In the Solaris 9 environment, the utility geniconvtbl enables user-defined code conversions. The user-defined code conversions created with the geniconvtbl utility can be used with both iconv(1) and iconv(3). For more detail on this utility, refer to thegeniconvtbl(1) and geniconvtbl(4) man pages.

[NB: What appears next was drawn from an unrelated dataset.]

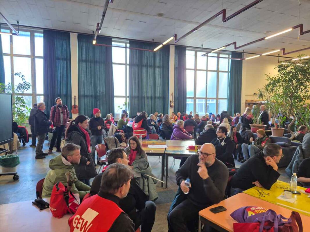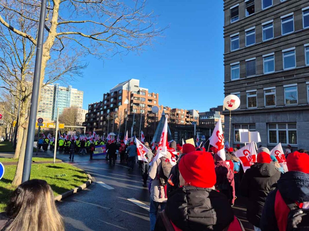 Die Gewerkschaft Erziehung und Wissenschaft (GEW) in Bochum berichtet: »Ein entschlossenes Zeichen für bessere Arbeitsbedingungen und eine gute Gesellschaft hat unsere Gewerkschaft Erziehung und Wissenschaft mit dem Warnstreik am vergangenen Mittwoch in Dortmund gesetzt. Mehrere hundert Beschäftigte folgten dem Aufruf der GEW. Nach einem ersten Zusammentreffen im Streikcafé im Westfalenkolleg ging es in einem Demozug gemeinsam in die Dortmunder Innenstadt. Gemeinsam mit der DGB-Schwestergewerkschaft ver.di haben die Kolleginnen und Kollegen die folgenden Forderungen laut werden lassen:
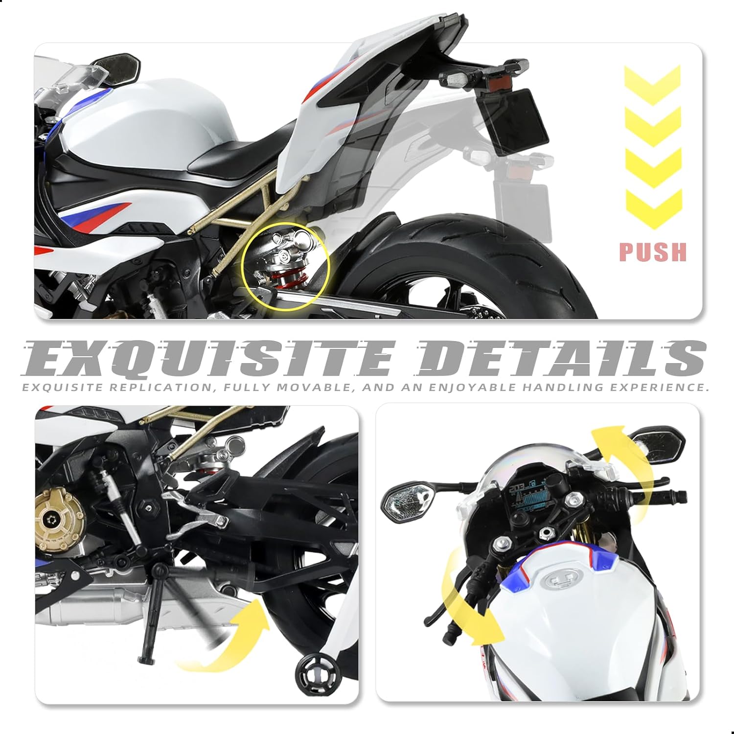 Risopen 1:9 Motorcycle Model for BMW S1000RR Metal Die-cast Motorcycle Model No Assembly Required Mini Finished Moto Gift for Adult(White)

The available fromcode and tocode names that can be applied to iconv(1), iconv_open(3C), and sdtconvtool(1) are shown in the tables in Appendix A, iconv Code Conversions. For more details on iconv code conversion, see the iconv(1), iconv_open(3C), iconv (3) , iconv_close(3C ) geniconvtbl( 1 ) geniconvtbl( 4 ) and sdtconvtool(1) man pages. For more information on available code conversions, see the iconv_en_US.UTF-8(5), iconv(5), iconv_ja(5), iconv_ko(5), iconv_zh(5), and iconv_zh_TW(5) man pages. Also see Appendix A, iconv Code Conversions.

Note –

UCS-2, UCS-4, UTF-16 and UTF-32 are all Unicode/ ISO/IEC 10646 representation forms that recognize Byte Order Mark (BOM) characters defined in the Unicode 3.1 and ISO/IEC 10646-1:2000 standards if the character appears at the beginning of the character stream. Other forms, like UCS-2BE, UCS-4BE, UTF-16BE, and UTF-32BE are all fixed-width Unicode/ISO/IEC 10646 representation forms that do not recognize the BOM character and also assume big endian byte ordering. Representation forms like UCS-2LE, UCS-4LE, UTF-16LE, and UTF-32LE, on the other hand, assume little endian byte ordering. They also do not recognize the BOM character.

For associated scripts and languages of ISO8859–* and KO18–*, see http://czyborra.com/charsets/iso8869.html.